Stored entries
====================

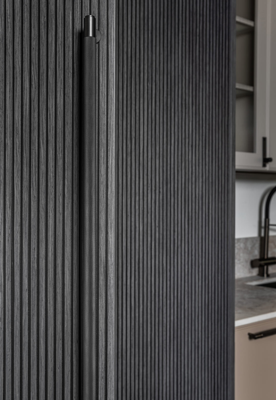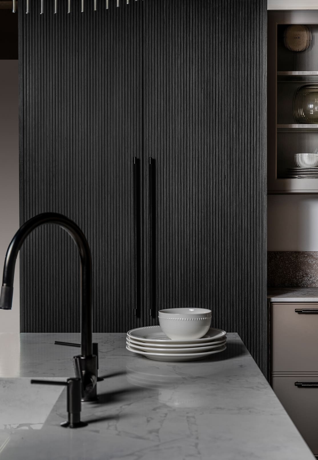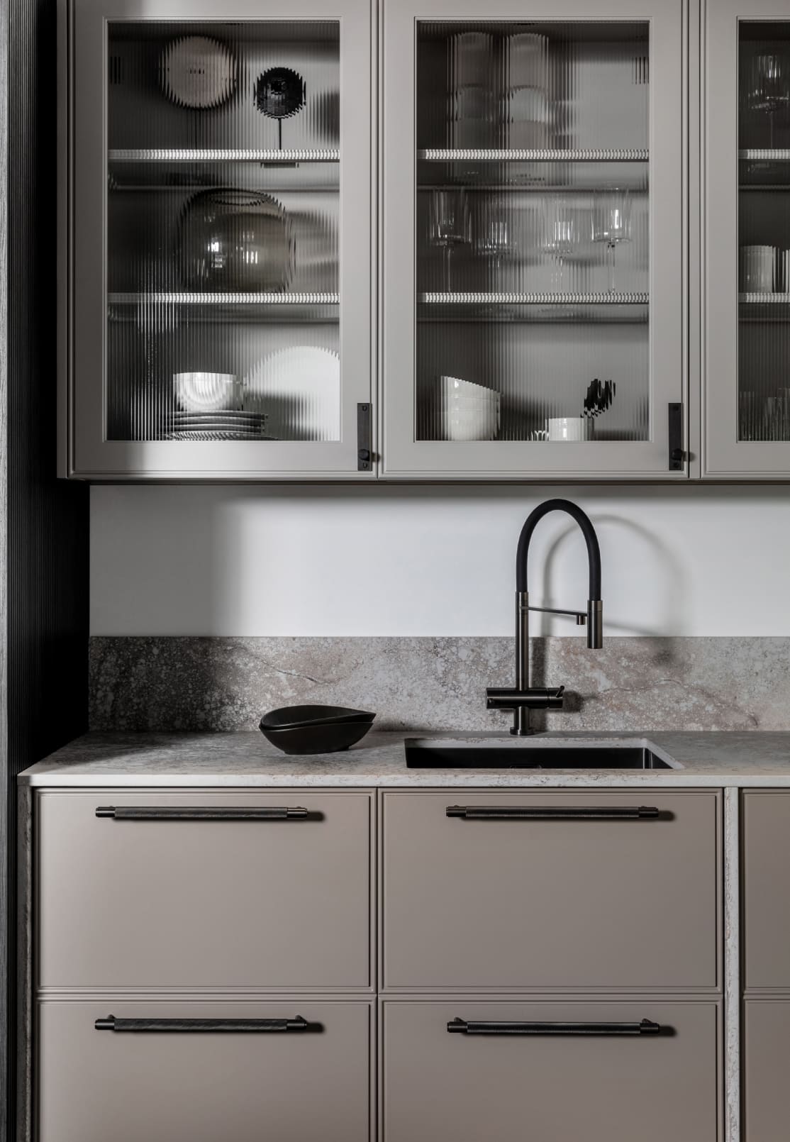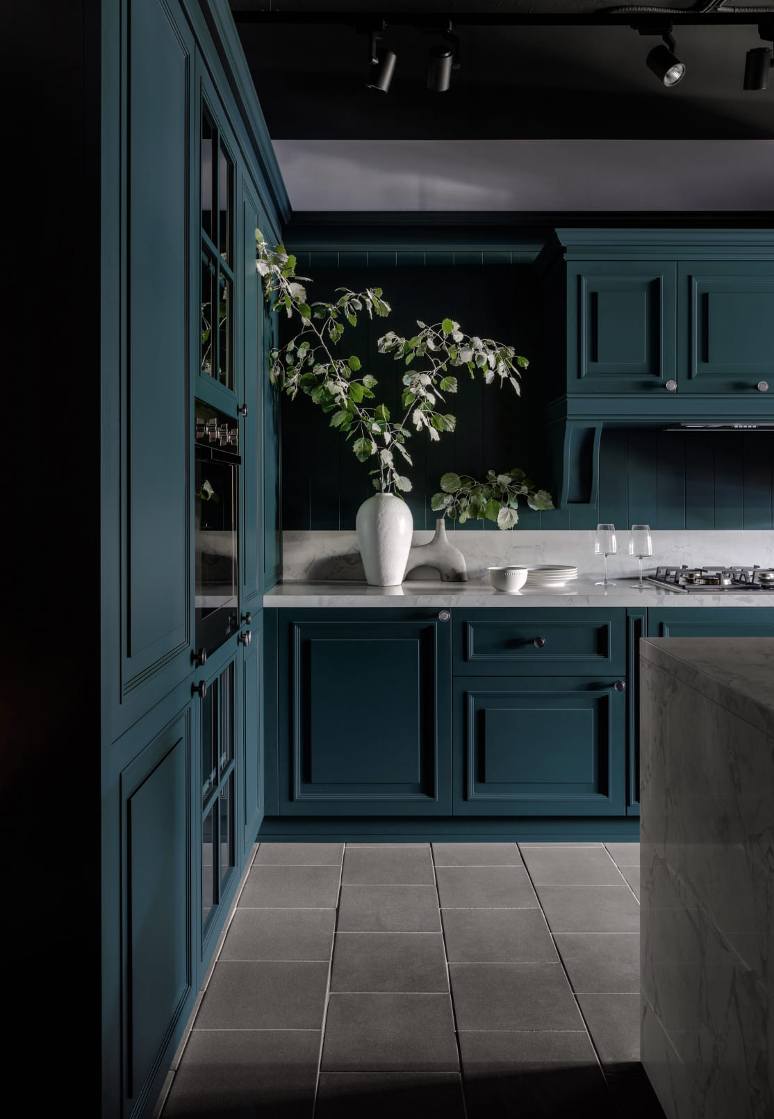 Фасады выполнены из МДФ и покрыты матовой эмалью в благородном оттенке «серый мох», который специально для Dantone Home разработала колорист Дарья Гейлер.
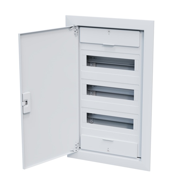 Пластиковый трехрядный распределительный шкаф на 36 модулей скрытой установки с белой дверью 379804
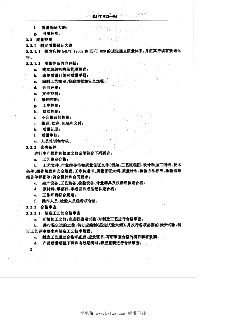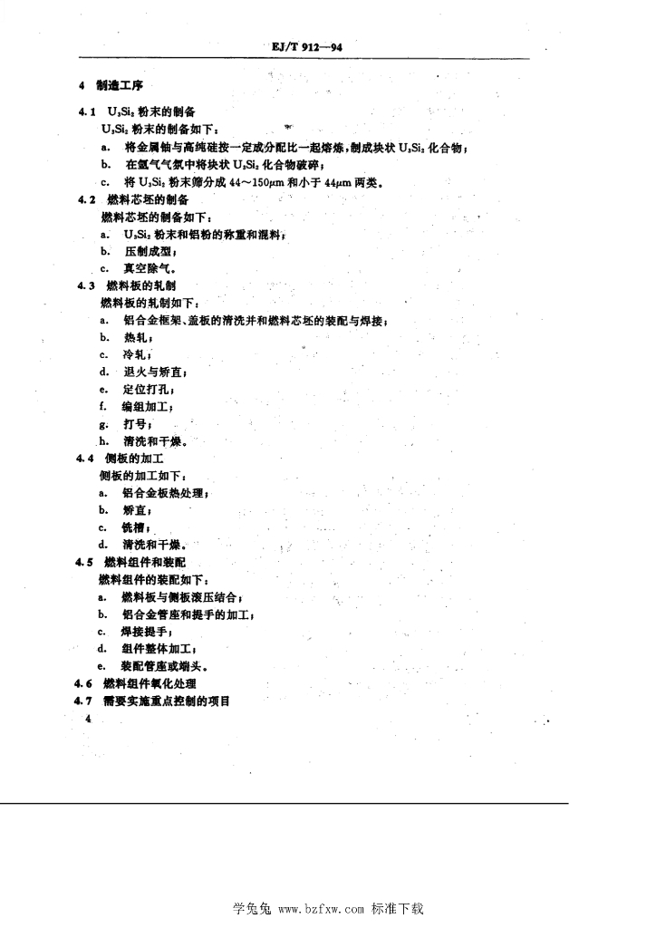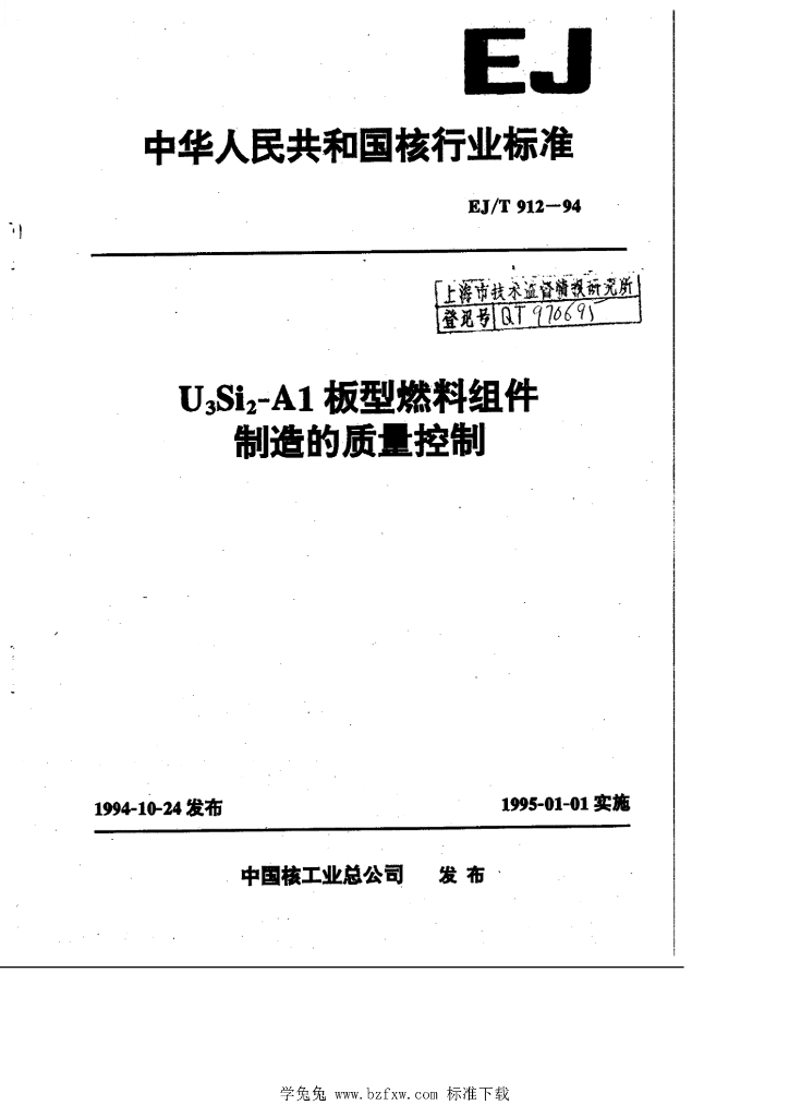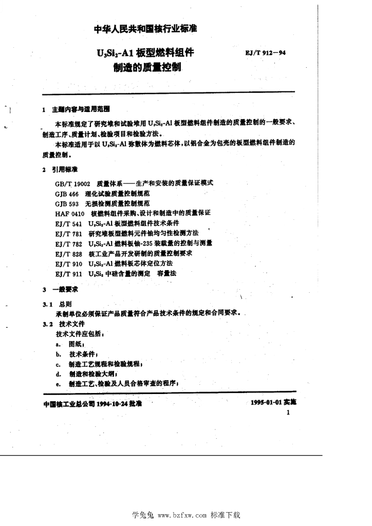 EJ/T 912-1994 铀三硅二-铝板型燃料组件 制造的质量控制
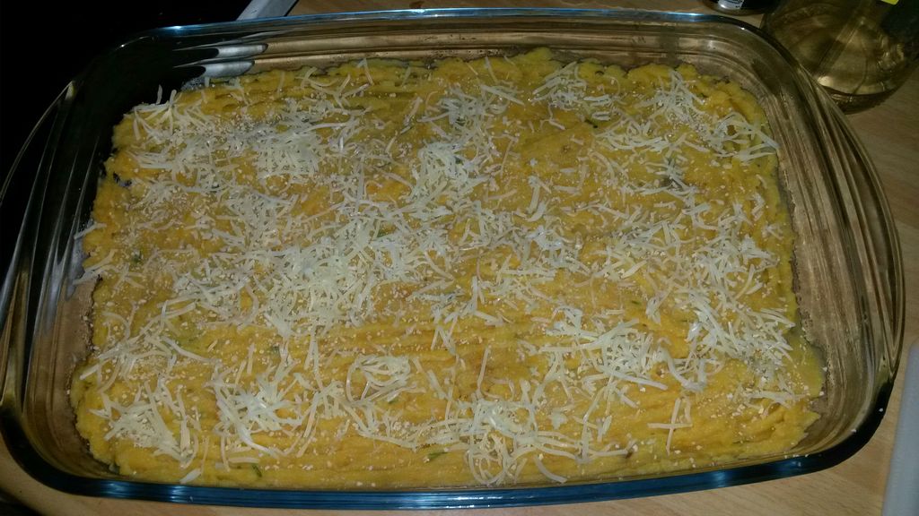 viande hachée, courge, carotte, pomme de terre, oignon, beurre, crème fraîche épaisse, vin blanc, muscade, parmesan, persil, sel, poivre
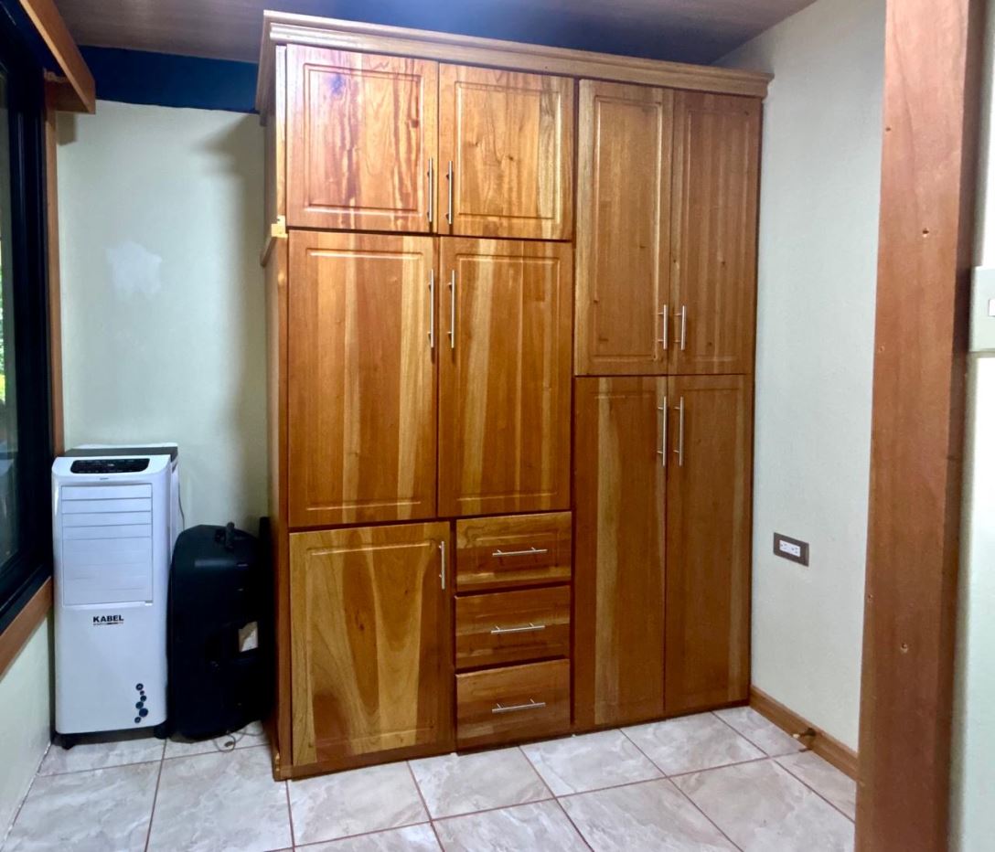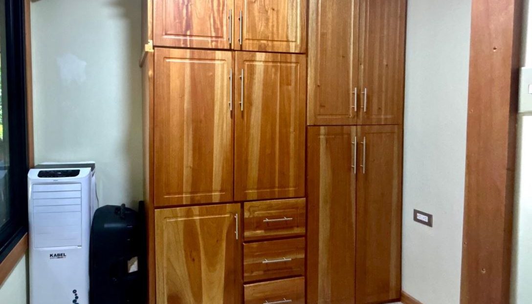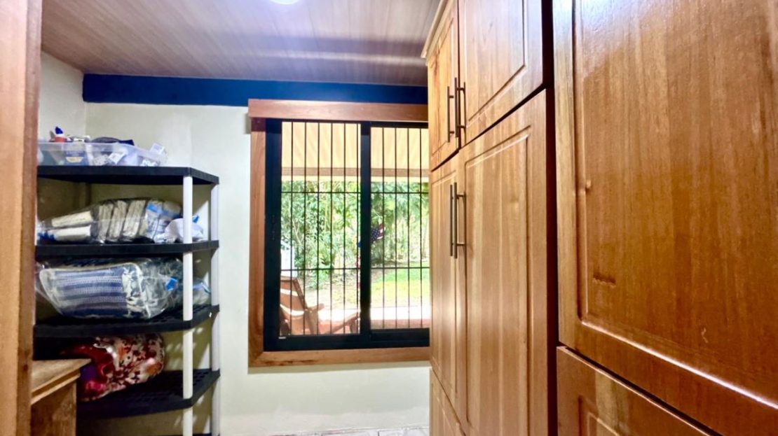 En este nivel también se encuentra un amplio dormitorio con muebles de madera empotrados, ideal para visitas o para quienes prefieren vivir en un solo nivel. A su lado, un espacio multifuncional con almacenamiento incorporado puede utilizarse como despensa, área de almacenamiento o incluso convertirse en oficina con vista a los jardines. En toda la casa se destacan soluciones de almacenamiento en madera cuidadosamente diseñadas, como closets, gabinetes y estanterías, aportando funcionalidad y confort diario.
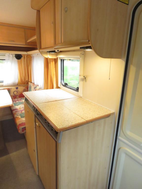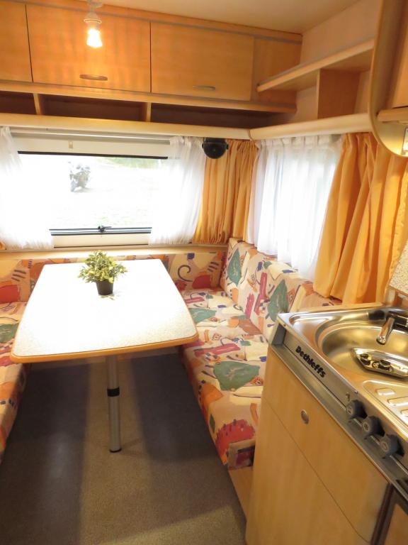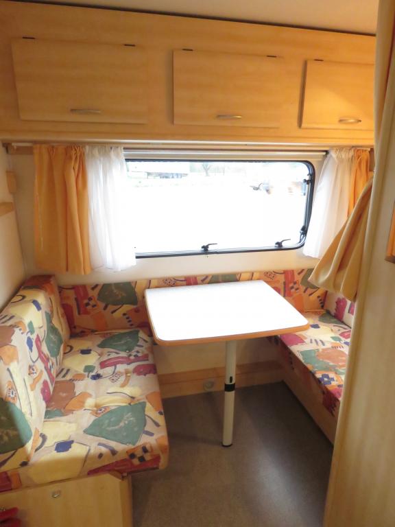 Varusteina mm: Truma- keskuslämmitys sähköpatruunalla, Kasetti- WC, TV- antenni,..
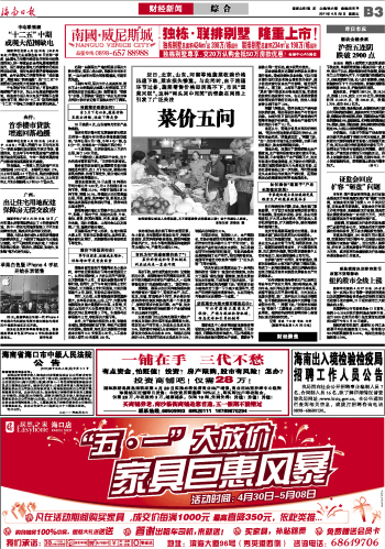 海南日报 财经新闻 011 2011-04-291 2011年04月29日 星期五
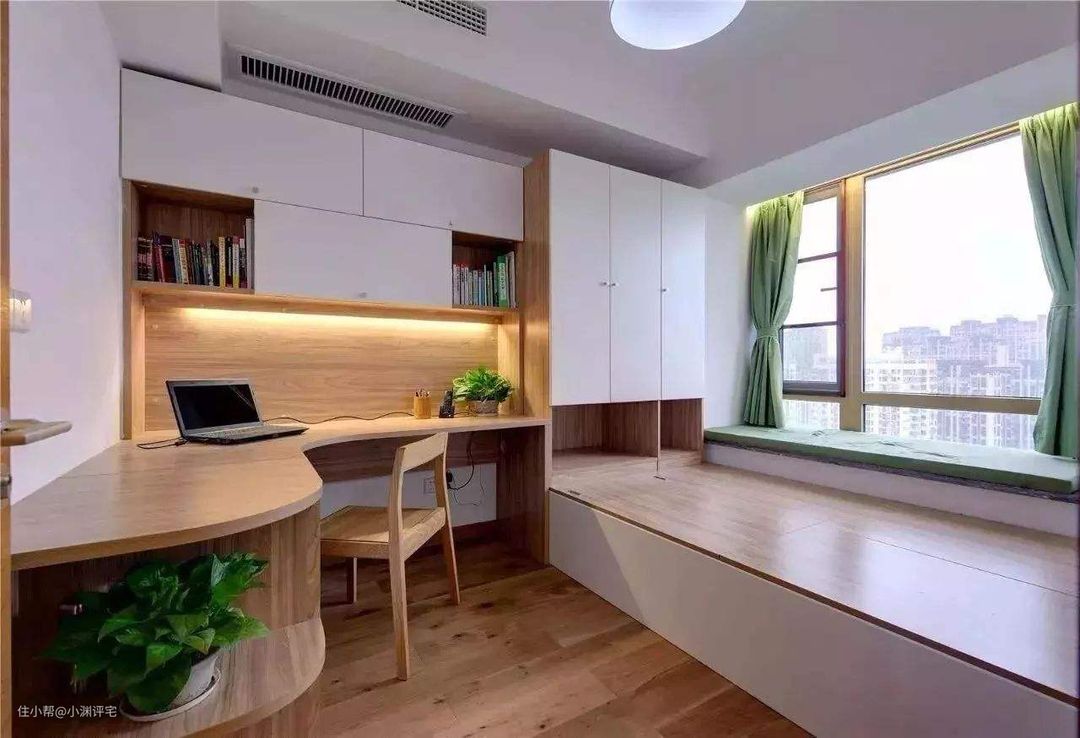 书桌上方两个,距离地面950mm,用于台灯等设备的供电。如果书桌不靠墙,就把这两个插座放到椅子后面。
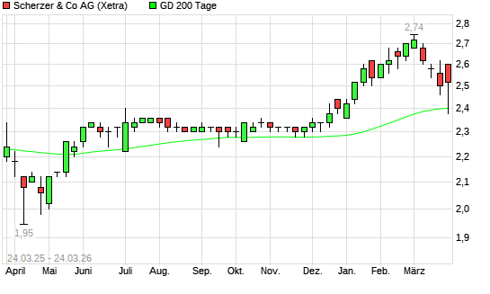 Mit dem Rücksetzer auf 2,34 EUR hat die Scherzer & Co.-Aktie am 23.03.2026 die 200-Tage-Linie nach unten gekreuzt.Die Scherzer & Co.-Aktie befand sich seit dem 29.09.2025 ...weiterlesen
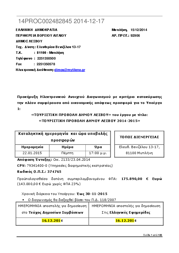 Αναζήτηση σε προκηρύξεις και συμβάσεις για:
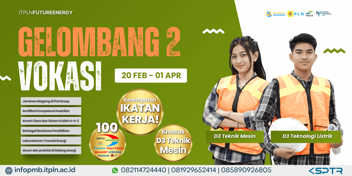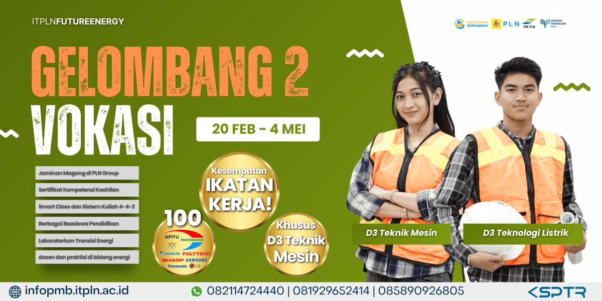 Institut Teknologi PLN (ITPLN) kini resmi membuka Penerimaan Mahasiswa Baru Vokasi (D3) Gelombang 2 Tahun Akademik 2026. Inilah kesempatan terbaik bagi siswa yang ingin menyiapkan masa depan di bidang energi, teknologi, dan infrastruktur bersama kampus yang fokus mendukung transisi energi Indonesia.
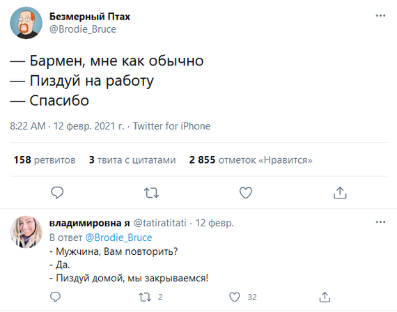 Прикольные комментарии из соцсетей новые Запостил: Viking,22-02-2021, 00:00вЮмор / Золото Смотрите и улыбайтесь свежей подборке прикольных картинок с комментариями. Лучшие комментарии из социальных сетей не дадут Вам скучать, это мы Вам гарантируем)Предыдущая часть ТУТ Нравится 52 Не нравится 16 Комментарии (0) Добавить комментарий Прокомментировать Введите два слова с картинки: Отправить
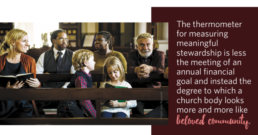 Like all spiritual practices, including prayer or regular worship attendance, stewardship isn’t a one-time event or even seasonal. It’s an ongoing commitment with endless opportunity for growth and increased attunement to God’s call. What’s more, the practice is valuable outside of financial goals. If we quadruple our church bank accounts but aren’t transformed into a community of people who are kinder, gentler, more ready to welcome the stranger, more forgiving and more committed to justice, then we may have practiced fundraising, but we didn’t find ourselves playing in the deepest wells of real stewardship where real change lives. The thermometer for measuring meaningful stewardship is less the meeting of an annual financial goal and instead the degree to which a church body looks more and more like beloved community.

====================

**PROBLEM TO WORK ON**
Print exactly the lines from the first line of the records above through the line containing "Institut Teknologi PLN", leaving out the pictures.

**SOLUTION FOR THIS PROBLEM**
 Фасады выполнены из МДФ и покрыты матовой эмалью в благородном оттенке «серый мох», который специально для Dantone Home разработала колорист Дарья Гейлер.
 Пластиковый трехрядный распределительный шкаф на 36 модулей скрытой установки с белой дверью 379804
 EJ/T 912-1994 铀三硅二-铝板型燃料组件 制造的质量控制
 viande hachée, courge, carotte, pomme de terre, oignon, beurre, crème fraîche épaisse, vin blanc, muscade, parmesan, persil, sel, poivre
 En este nivel también se encuentra un amplio dormitorio con muebles de madera empotrados, ideal para visitas o para quienes prefieren vivir en un solo nivel. A su lado, un espacio multifuncional con almacenamiento incorporado puede utilizarse como despensa, área de almacenamiento o incluso convertirse en oficina con vista a los jardines. En toda la casa se destacan soluciones de almacenamiento en madera cuidadosamente diseñadas, como closets, gabinetes y estanterías, aportando funcionalidad y confort diario.
 Varusteina mm: Truma- keskuslämmitys sähköpatruunalla, Kasetti- WC, TV- antenni,..
 海南日报 财经新闻 011 2011-04-291 2011年04月29日 星期五
 书桌上方两个,距离地面950mm,用于台灯等设备的供电。如果书桌不靠墙,就把这两个插座放到椅子后面。
 Mit dem Rücksetzer auf 2,34 EUR hat die Scherzer & Co.-Aktie am 23.03.2026 die 200-Tage-Linie nach unten gekreuzt.Die Scherzer & Co.-Aktie befand sich seit dem 29.09.2025 ...weiterlesen
 Αναζήτηση σε προκηρύξεις και συμβάσεις για:
 Institut Teknologi PLN (ITPLN) kini resmi membuka Penerimaan Mahasiswa Baru Vokasi (D3) Gelombang 2 Tahun Akademik 2026. Inilah kesempatan terbaik bagi siswa yang ingin menyiapkan masa depan di bidang energi, teknologi, dan infrastruktur bersama kampus yang fokus mendukung transisi energi Indonesia.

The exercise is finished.